# How to make menhaden oil



## bellview268219 (May 29, 2011)

Ive been using menhaden oil alot while fishing but its hurting my pockets$$$

Does anyone know how to make their own menhaden oil if so please help


----------



## JonnyT (Dec 2, 2007)

Wait til the next fish kill on Bayou Texar, you can scoop up a few tons of dead menhaden. Fasten a wood chipper to your transom. The rest is all fun and games.


----------



## SouthAlabamaSlayer (Oct 13, 2011)

It's gonna be hard to make menhaden oil, since their bodies naturally produce it, Hence the name "MENHADEN oil."


----------



## bellview268219 (May 29, 2011)

ok thanks so does anyone know how to bottle the oil


----------



## Death From Above (Sep 28, 2007)

bellview268219 said:


> ok thanks so does anyone know how to bottle the oil


Find a Vietnamese or Korean lady and ask her. I've seen them extracting the stuff using jars in the sun. It takes a bunch of menhaden to make a gallon of oil.


----------



## hjorgan (Sep 30, 2007)

How are you using the oil? If you can cast a big net and get on em, a meat grinder (or even a blender) can get you a pretty good paste for chum. Messy but effective.

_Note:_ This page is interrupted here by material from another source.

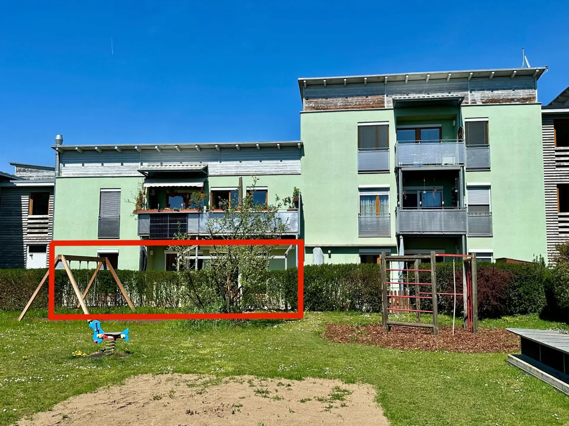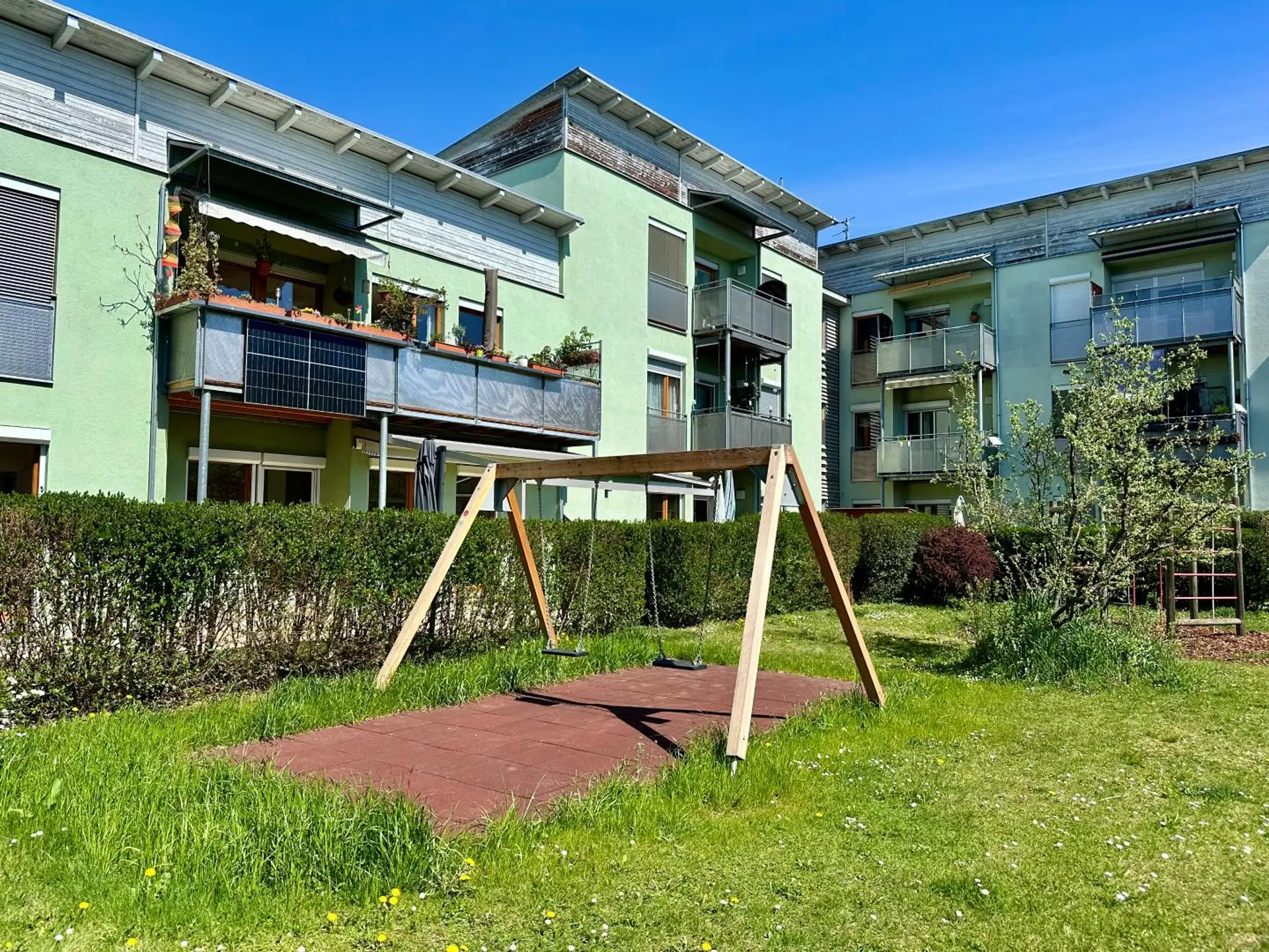 Die Außenanlage bietet neben den allgemeinen Grünflächen, Kinderspielplätze und Besucher-Parkplätze.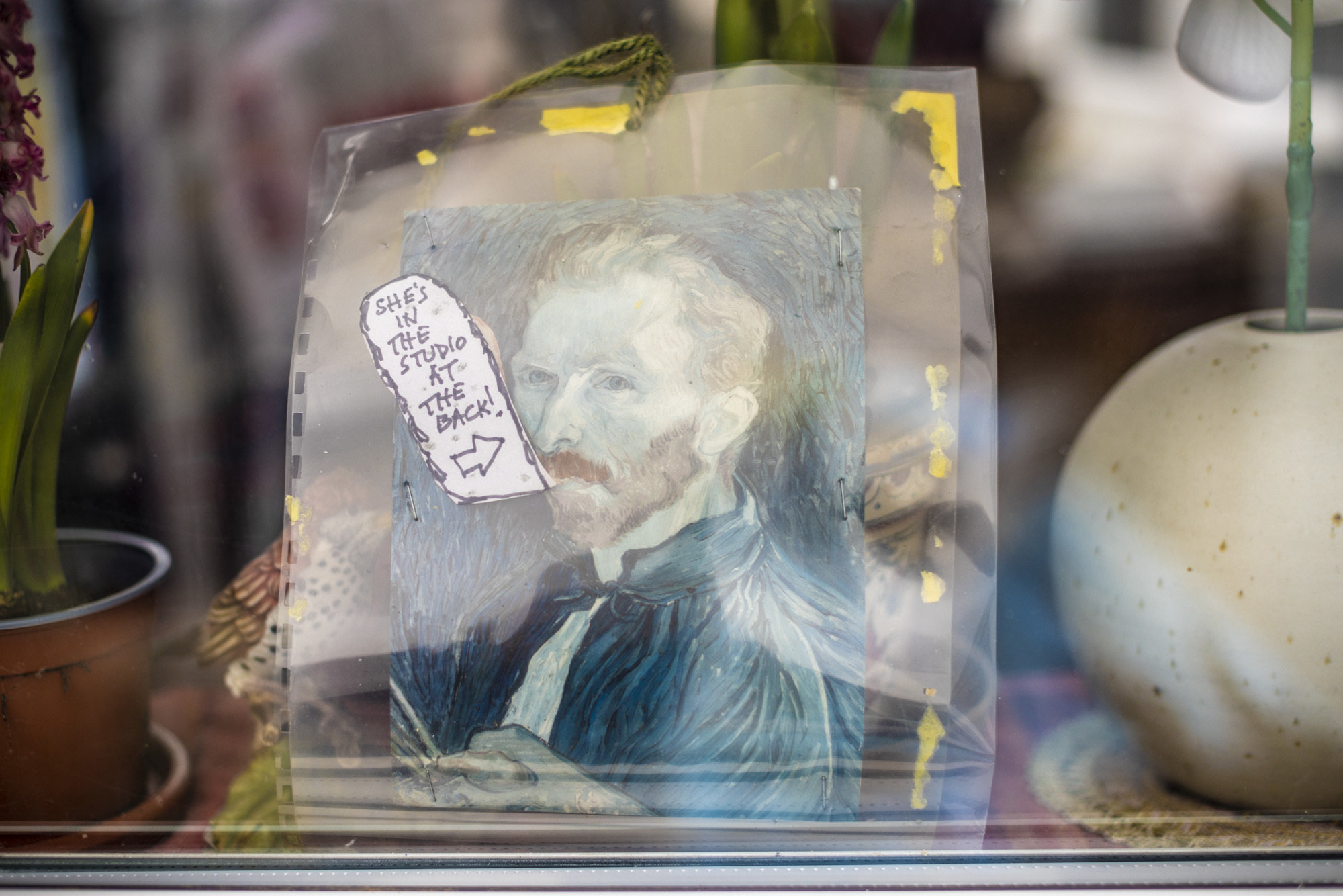 She greeted us with a wave from the studio at the end of her garden. A giant broken pencil, a find picked up in a street in Elephant and Castle, swings over the entrance – “I work under the sign of the broken pencil” Pamela quips as she ushers us in.

We used to go to the second-hand shops and Salivation Army stores and buy any old blender for 3 bucks or so that worked. Used an inverter on the boat to blend right on the water and pour over the side. Better than the oil and real effective.

Once the blender dies, sink it as a very small reef or stick it in the trash bag. It's only 3 bucks.

Dang, gave up another secret to PFF.


----------



## Longbow14 (Aug 8, 2011)

hunt around for one of the old cast iron or aluminum meat grinders those make some great chum, and can be clamped to the rail of the boat.


----------